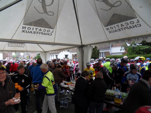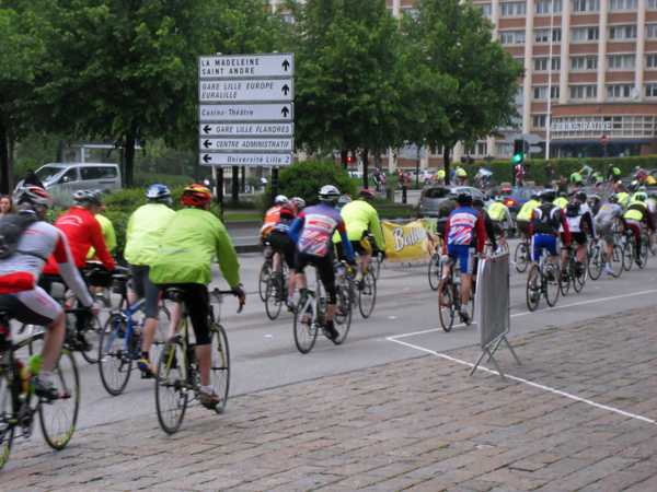 Le départ donné, c’est un flux continu de cyclistes qui se forme et il en sera ainsi pendant pratiquement les vingt premiers kilomètres. La prudence est de mise car il en est qui, à la recherche d’un record ou de leurs équipiers, doublent ou slaloment de façon parfois inconsidérée.
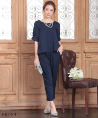 ペプラム袖ありトップスセットアップパンツプチプラパーティードレスのフロント全身
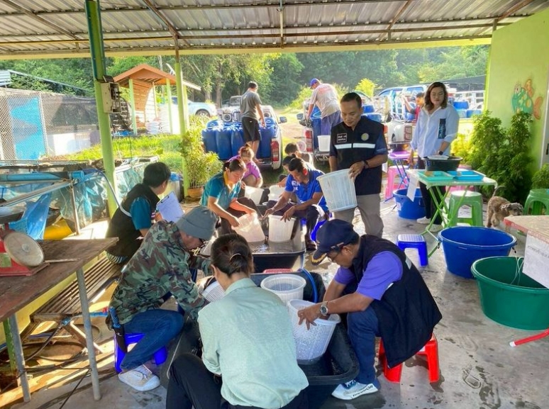 สำนักงานประมงจังหวัดสระแก้ว วันที่ 20 สิงหาคม 2568 นายวิชัย ทองประไพ ประมงจังหวัดสระแก้ว มอบหมายให้นายอุดม คูณดอน หัวหน้ากลุ่มบริหารจัดการด้านการประมง นายวชิราวุฒิ นาดี ประมงอำเภอวัฒนานคร และนายไชยวัฒน์ ปิจจะ เจ้าพนักงานประมงปฎิบัติงาน ร่วมกับเจ้าหน้าที่ศูนย์วิจัยและพัฒนาการเพาะเลี้ยงสัตว์น้ำจืดสระแก้ว ตรวจรับพันธุ์กุ้งก้ามกราม โครงการบริหารจัดการทรัพยากรประมง กิจกรรมบริหารจัดการทรัพยากรประมงน้ำจืด การเพิ่มผลผลิตสัตว์น้ำในแหล่งน้ำชุมชนเพื่อเพิ่มรายได้และลดค่าครองชีพของประชาชน และปล่อยพันธุ์กุ้งก้ามกรามลงแหล่งน้ำที่เข้าร่วมโครงการดังกล่าว จำนวน 3 แห่งๆละ 40,000 ตัว ดังนี้
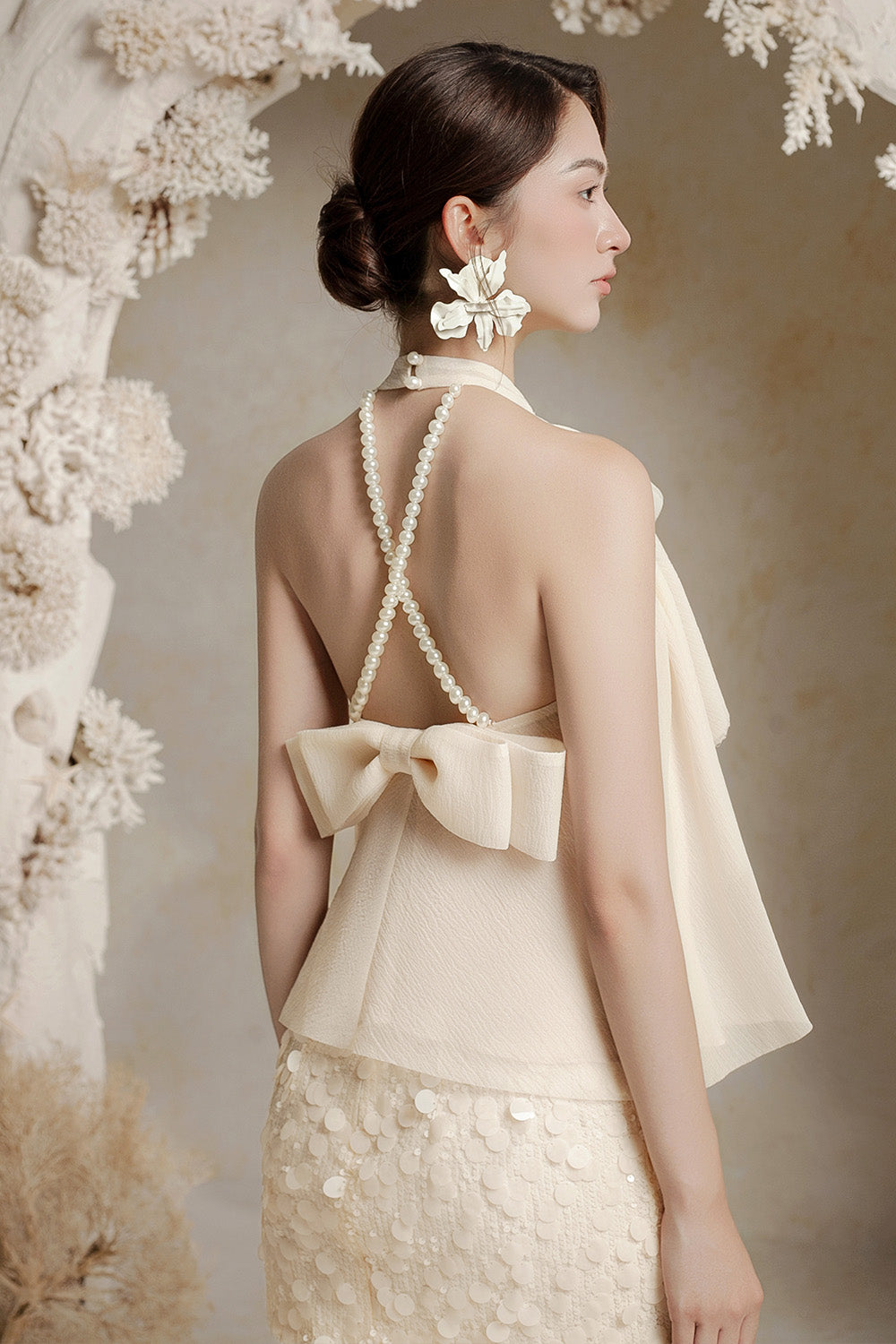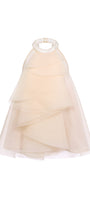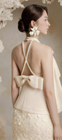 Halter neck with two pearl buttons at the back, Tiered layered front bodice, Open back with criss-cross pearl straps, Fixed oversized bow
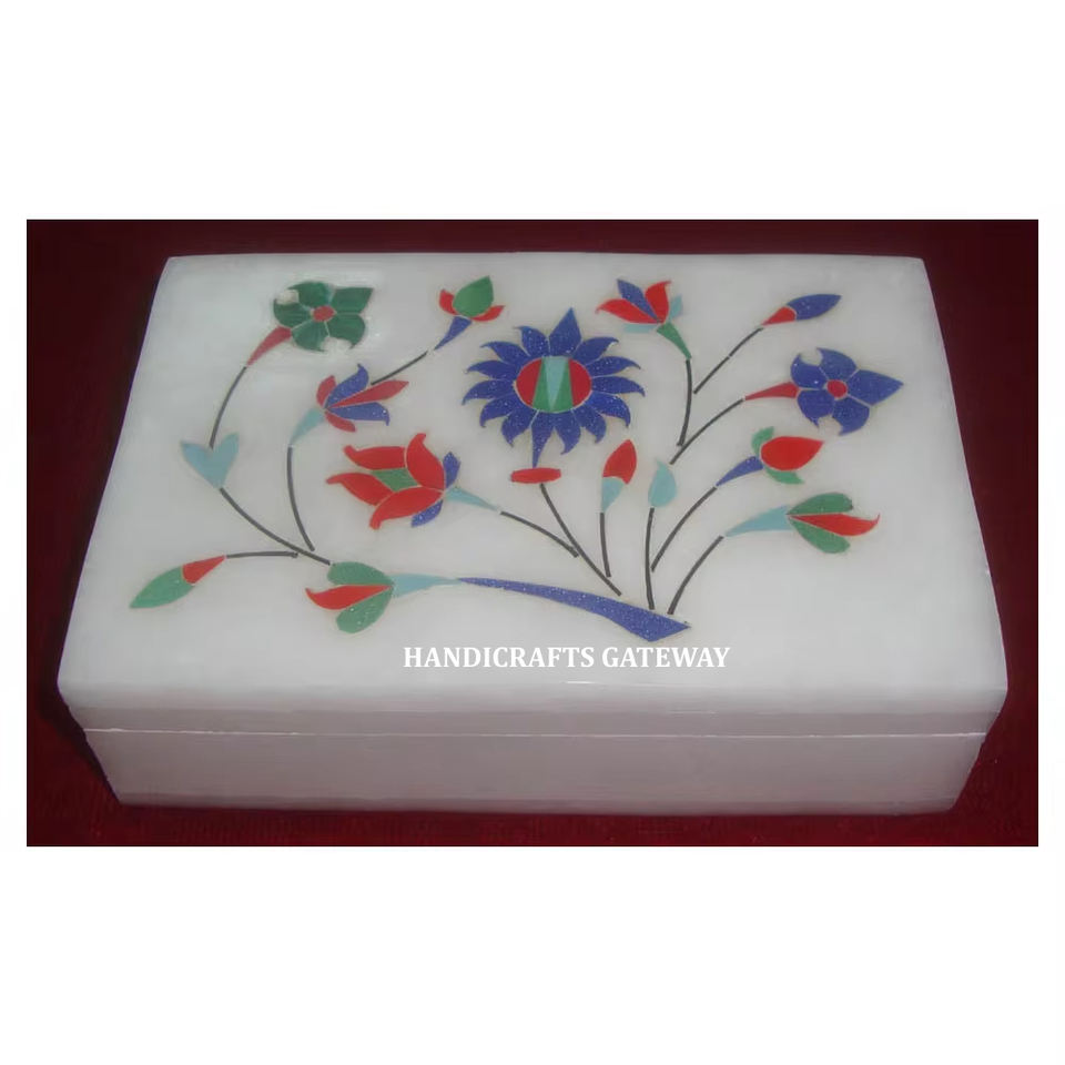 Caja de joyería rectangular de mármol blanco de alta calidad para fines decorativos, con acabado fino, hecha en India.
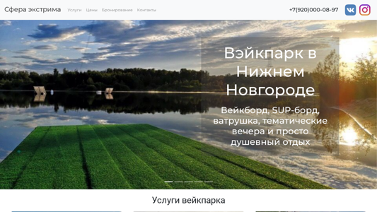 | AI-анализ | The portal Вейкпарк Сфера экстрима (Wakepark Sphere Extreme) is a recreational website offering extreme sports activities in Nizhny Novgorod, Russia. The main attraction is a 220m long reversible water slide named 'Vertigo', which allows users to ride at three different speeds. The park also features two large kickers, an 18-meter tube, and a small kicker for beginners. The website provides wakeboarding lessons, allowing users to learn and improve their skills under the guidance of instructors. Other services include a 3-person water trampoline, called a 'Vatruшка', and a stand-up paddleboard, called a 'SUP-борд'. The park offers various pricing structures, including per-minute rates and day passes, as well as personal and group training sessions. The website also features |
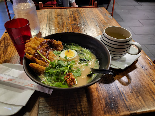 So I've actually been here once before. It was during my own bad circumstances, so I decided not to review it since I did not feel it was fair. So here we are again. Giving it a shot under fair circumstances. Unfortunately, "fair" did not mean it "fared" well. I ordered their pork belly ramen with came in a chicken broth topped with the pork belly of course, but also some cabbage, half an egg, green onion, and some seaweed. We'll start with the noodles themselves. Simply put, they were disappointing. Advertised as "Japanese egg noodles" (ramen noodles are typically not egg noodles), they were simply reminiscent of the flash fried instant ramen noodles. The toppings were also not the best. The egg was half of a hard boiled, un-marinated disappointment. The pork belly, while tender, was dry and charred, imparting a bitter flavor. And then the rest of the vegetables were thoughtlessly thrown on top of the bowl. I will say they do give you quite a bit of pork belly which is nice. And then finally the broth. Extremely one note. Didn't really have any depth of flavor. They don't tell you on the menu what it's seasoned with, but it tasted to me of miso. All that being said, it wasn't bad per se. Just not particularly good. Overall, while I'm happy I gave this place a second chance, I do not think...
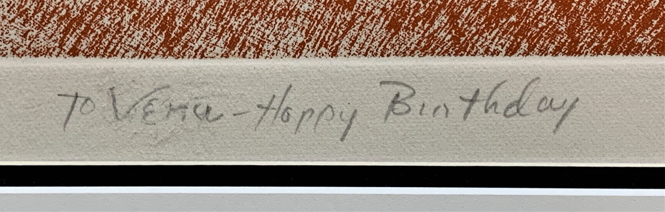 Hand-signed in pencil by the artist en recto lower right.  Editioned in pencil by the artist en recto lower center.  Titled in pencil by the artist en recto lower left.  Inscribed in pencil by the artist en recto lower center “To Vera – Happy Birthday”
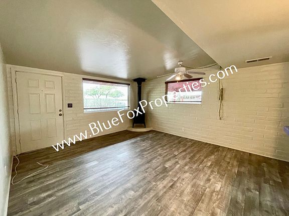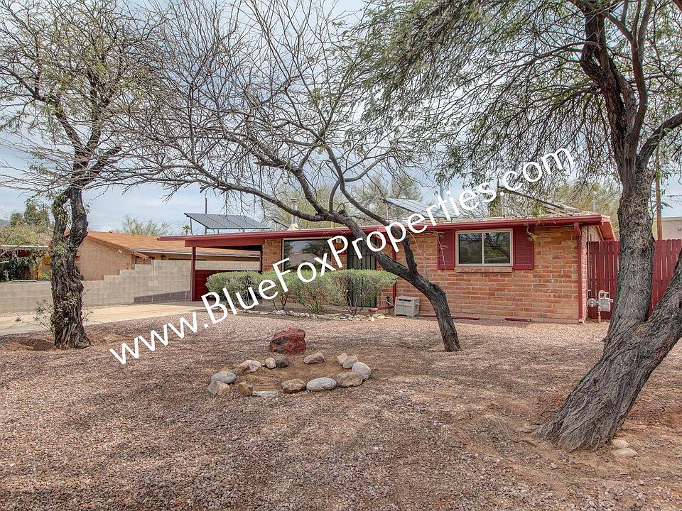 Charming, central bungalow featuring designer paint, laminate floors, doggie door in the sliding glass door, plus awesome energy features including: *solar electric; low flow toilets; dual pane energy efficient windows throughout this home; A Nest learning wifi thermostat smart thermostat, and Nest wifi carbon monoxide detector. Included is a pot bellied stove in LR. Great backyard with 2 storage sheds, raised garden beds on the side yard, and a chicken coop! One shed has window AC and is set up as a detached home office/den. Great location near UofA, shopping, and restaurants. *Tenant agrees to have PV monitoring connected to their Internet service, and allow access for service (configuring the monitoring).
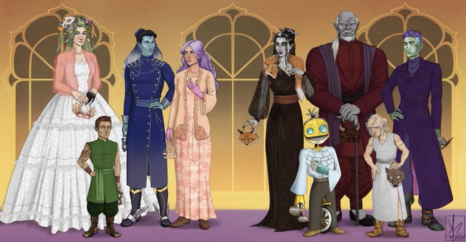A bit delayed, but the group portrait of the Tal'Dorei Council, my piece for @ExandriaArtists Tourist's Guide to Taldorei, IS DONE!!! This took forever but I'm really happy with the result and I hope you all like it! Closeups below! ⬇️ #criticalrolefanart #CriticalRole #tgtt
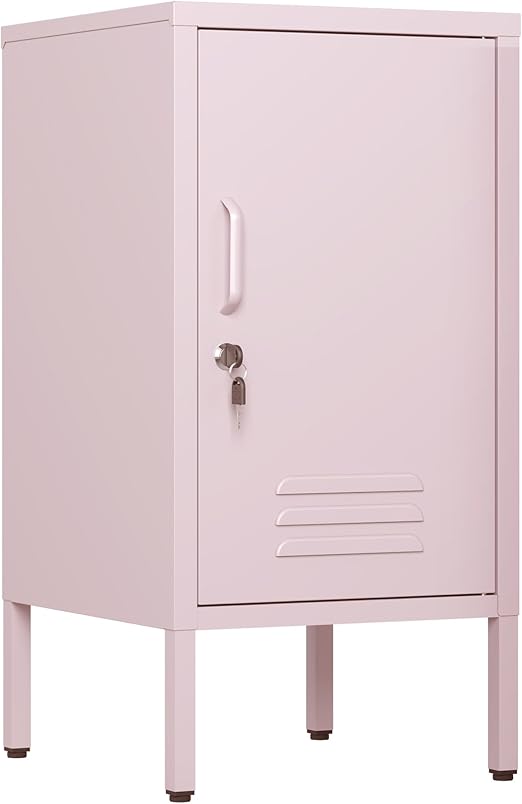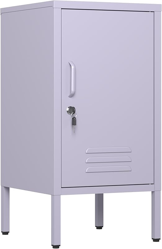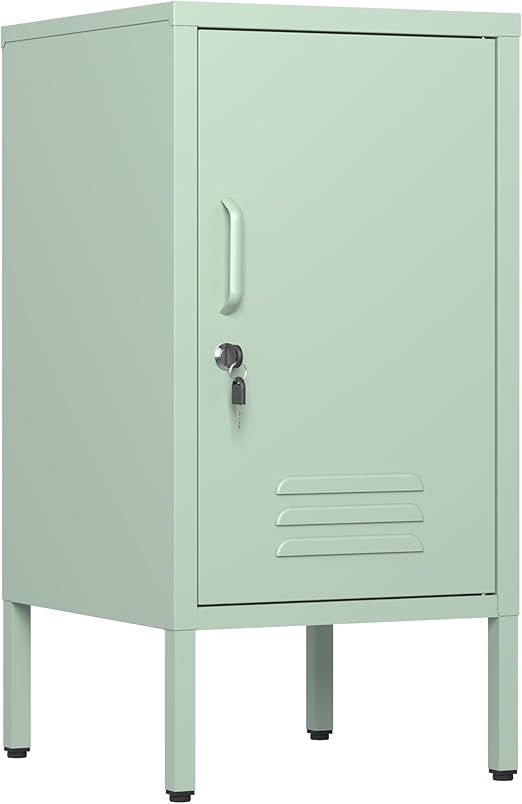 Metal Locker End Table, Single Door Metal Nightstand with 2 Adjustable Shelf
────────────────────
> Work required:
Output the records above exactly as they are, leaving out the pictures.

> Task result:
 Le départ donné, c’est un flux continu de cyclistes qui se forme et il en sera ainsi pendant pratiquement les vingt premiers kilomètres. La prudence est de mise car il en est qui, à la recherche d’un record ou de leurs équipiers, doublent ou slaloment de façon parfois inconsidérée.
 ペプラム袖ありトップスセットアップパンツプチプラパーティードレスのフロント全身
 สำนักงานประมงจังหวัดสระแก้ว วันที่ 20 สิงหาคม 2568 นายวิชัย ทองประไพ ประมงจังหวัดสระแก้ว มอบหมายให้นายอุดม คูณดอน หัวหน้ากลุ่มบริหารจัดการด้านการประมง นายวชิราวุฒิ นาดี ประมงอำเภอวัฒนานคร และนายไชยวัฒน์ ปิจจะ เจ้าพนักงานประมงปฎิบัติงาน ร่วมกับเจ้าหน้าที่ศูนย์วิจัยและพัฒนาการเพาะเลี้ยงสัตว์น้ำจืดสระแก้ว ตรวจรับพันธุ์กุ้งก้ามกราม โครงการบริหารจัดการทรัพยากรประมง กิจกรรมบริหารจัดการทรัพยากรประมงน้ำจืด การเพิ่มผลผลิตสัตว์น้ำในแหล่งน้ำชุมชนเพื่อเพิ่มรายได้และลดค่าครองชีพของประชาชน และปล่อยพันธุ์กุ้งก้ามกรามลงแหล่งน้ำที่เข้าร่วมโครงการดังกล่าว จำนวน 3 แห่งๆละ 40,000 ตัว ดังนี้
 Halter neck with two pearl buttons at the back, Tiered layered front bodice, Open back with criss-cross pearl straps, Fixed oversized bow
 Caja de joyería rectangular de mármol blanco de alta calidad para fines decorativos, con acabado fino, hecha en India.
 | AI-анализ | The portal Вейкпарк Сфера экстрима (Wakepark Sphere Extreme) is a recreational website offering extreme sports activities in Nizhny Novgorod, Russia. The main attraction is a 220m long reversible water slide named 'Vertigo', which allows users to ride at three different speeds. The park also features two large kickers, an 18-meter tube, and a small kicker for beginners. The website provides wakeboarding lessons, allowing users to learn and improve their skills under the guidance of instructors. Other services include a 3-person water trampoline, called a 'Vatruшка', and a stand-up paddleboard, called a 'SUP-борд'. The park offers various pricing structures, including per-minute rates and day passes, as well as personal and group training sessions. The website also features |
 So I've actually been here once before. It was during my own bad circumstances, so I decided not to review it since I did not feel it was fair. So here we are again. Giving it a shot under fair circumstances. Unfortunately, "fair" did not mean it "fared" well. I ordered their pork belly ramen with came in a chicken broth topped with the pork belly of course, but also some cabbage, half an egg, green onion, and some seaweed. We'll start with the noodles themselves. Simply put, they were disappointing. Advertised as "Japanese egg noodles" (ramen noodles are typically not egg noodles), they were simply reminiscent of the flash fried instant ramen noodles. The toppings were also not the best. The egg was half of a hard boiled, un-marinated disappointment. The pork belly, while tender, was dry and charred, imparting a bitter flavor. And then the rest of the vegetables were thoughtlessly thrown on top of the bowl. I will say they do give you quite a bit of pork belly which is nice. And then finally the broth. Extremely one note. Didn't really have any depth of flavor. They don't tell you on the menu what it's seasoned with, but it tasted to me of miso. All that being said, it wasn't bad per se. Just not particularly good. Overall, while I'm happy I gave this place a second chance, I do not think...
 Hand-signed in pencil by the artist en recto lower right.  Editioned in pencil by the artist en recto lower center.  Titled in pencil by the artist en recto lower left.  Inscribed in pencil by the artist en recto lower center “To Vera – Happy Birthday”
 Charming, central bungalow featuring designer paint, laminate floors, doggie door in the sliding glass door, plus awesome energy features including: *solar electric; low flow toilets; dual pane energy efficient windows throughout this home; A Nest learning wifi thermostat smart thermostat, and Nest wifi carbon monoxide detector. Included is a pot bellied stove in LR. Great backyard with 2 storage sheds, raised garden beds on the side yard, and a chicken coop! One shed has window AC and is set up as a detached home office/den. Great location near UofA, shopping, and restaurants. *Tenant agrees to have PV monitoring connected to their Internet service, and allow access for service (configuring the monitoring).
A bit delayed, but the group portrait of the Tal'Dorei Council, my piece for @ExandriaArtists Tourist's Guide to Taldorei, IS DONE!!! This took forever but I'm really happy with the result and I hope you all like it! Closeups below! ⬇️ #criticalrolefanart #CriticalRole #tgtt
 Metal Locker End Table, Single Door Metal Nightstand with 2 Adjustable Shelf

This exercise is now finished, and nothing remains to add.